We arrived at our campsite late in the afternoon. I gathered sticks and set up the fire with with some of them and a little paper, then lit a match to it. That is when I noticed a small, translucent, albino lizard wriggling around underneath the burning sticks. I scolded her to get away from the fire, but she didn’t seem to understand how to do that. So I backed off a bit in order to give her the space to, hopefully, exit without me peering at her. But when I went around to where she had been, I saw that she was singed and dead. I had been regretting the fact that I had not been invited to my mother’s cremation. So here this little lizard had given her life so that I could symbolically push my mother into the flames.

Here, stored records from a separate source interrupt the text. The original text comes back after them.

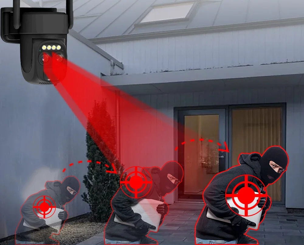 When someone passes through the alarm area, the camera will detect the person's movement. And track people.
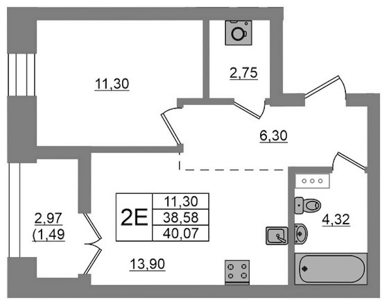 - Площадь40,07 м2
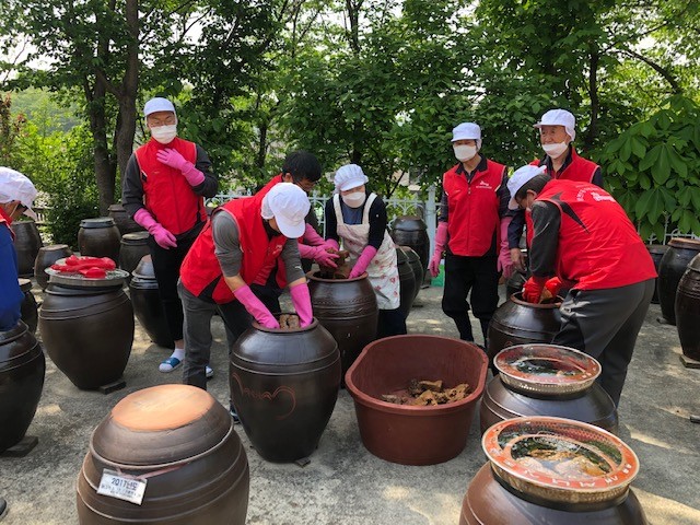 경기 동두천시 생연1동 주민자치위원회가 6일 '전통 장 만들기 사업'의 일환으로 장 가르기 작업을 진행했다. 전통 장 만들기 사업은 메주 띄우기·말리기, 장 담그기·가르기 등의 작업을 거쳐 2년 숙성 후 판매되며, 수익금은 전액 이웃돕기에 사용된다. 사진은 이날 위원들이 장 가르기를 하고 있는 모습. (사진제공=동두천시청)
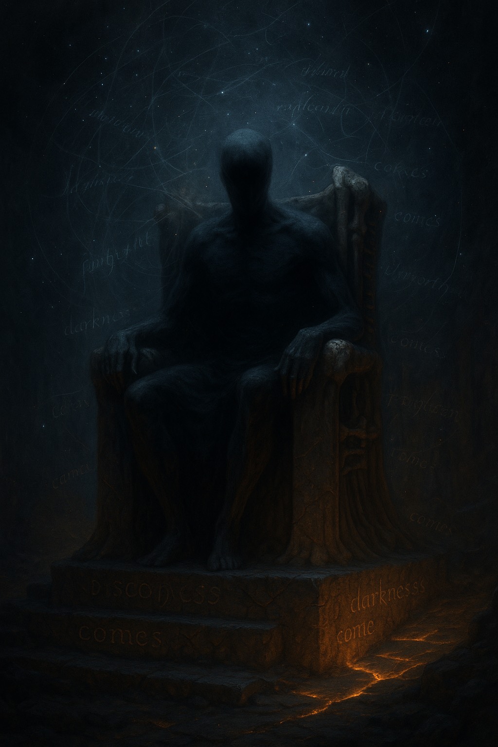 Dark, primal cinematic metal fused with atmospheric gothic ambience, Deep raspy fractured male vocals carry the verses, half-spoken with cracked edges, swelling into rough melodic choruses with layered whispers and faint ritual choirs, Heavy low guitars and ominous bass drive the foundation, while eerie synth textures, dissonant strings, and haunting violin weave through the mix, Dynamic range flows from whisper to roar — bridge unleashes a near-screamed release before collapsing into eerie silence, Tone: ancient, hungry, ritualistic, yet vast and atmospheric, evoking both chaos and inevitability
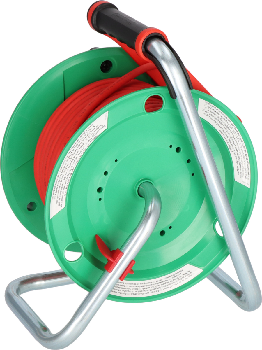 • Garten-Kabeltrommel mit Trommelkörper aus Spezialkunststoff auf verzinktem Tragegestell mit zusätzlichem Überhitzungsschutz und Kontroll-Leuchte bei Überhitzung und Überlastung

Sorting through the grief of a cardinal loss is a process. The loss of Mother screams loud and clear, “You are not going to be around here forever either!”
Sibling rivalry over gifts, favors and bequeaths can be intense. I deeply regret the appropriation of property that had been promised to me by a sibling. She felt that since it had been left up to her to uphold our parents wishes she could legally get out of it, and started decades ago, brought considerable influence to bear, to do just that. I wasn’t even permitted to speak at Mom’s memorial.
After my mother was placed in an institution and I was denied any input into her care, I brought a challenge. Our mother had been institutionalized without my knowledge or consent and her location hidden from me. I had to call and visit facilities until I had found her. I had provided personal care to our mother for the two years prior to her being institutionalized, and suddenly she was isolated from my ministrations.
The house Dad and Mom wanted me to have is on a 7 acre parcel. Neither one of them wanted to meet the expense of subdividing the parcel. In fact they hated the whole idea of subdivision, land speculation, and urban sprawl. They preferred to designate the house for my use along with the orchard that surrounds it, while having the balance of the parcel managed by the trustee. It didn’t work out, because the person who became trustee wanted to keep the 4 acres the parents had given her while depriving me of the property the parents had designated for my use.
I visited Mom a few days before she passed away. She had been slowly declining for years. She seemed like the same old Mom in a way, and yet her death was no surprise; the surprise was that she lasted as long as she did in the condition she was in. She had lost the ability to walk at the age of 91 and had begun to loose her mental acuity at the age of 83. She passed almost two months prior to what would have been her 95th birthday.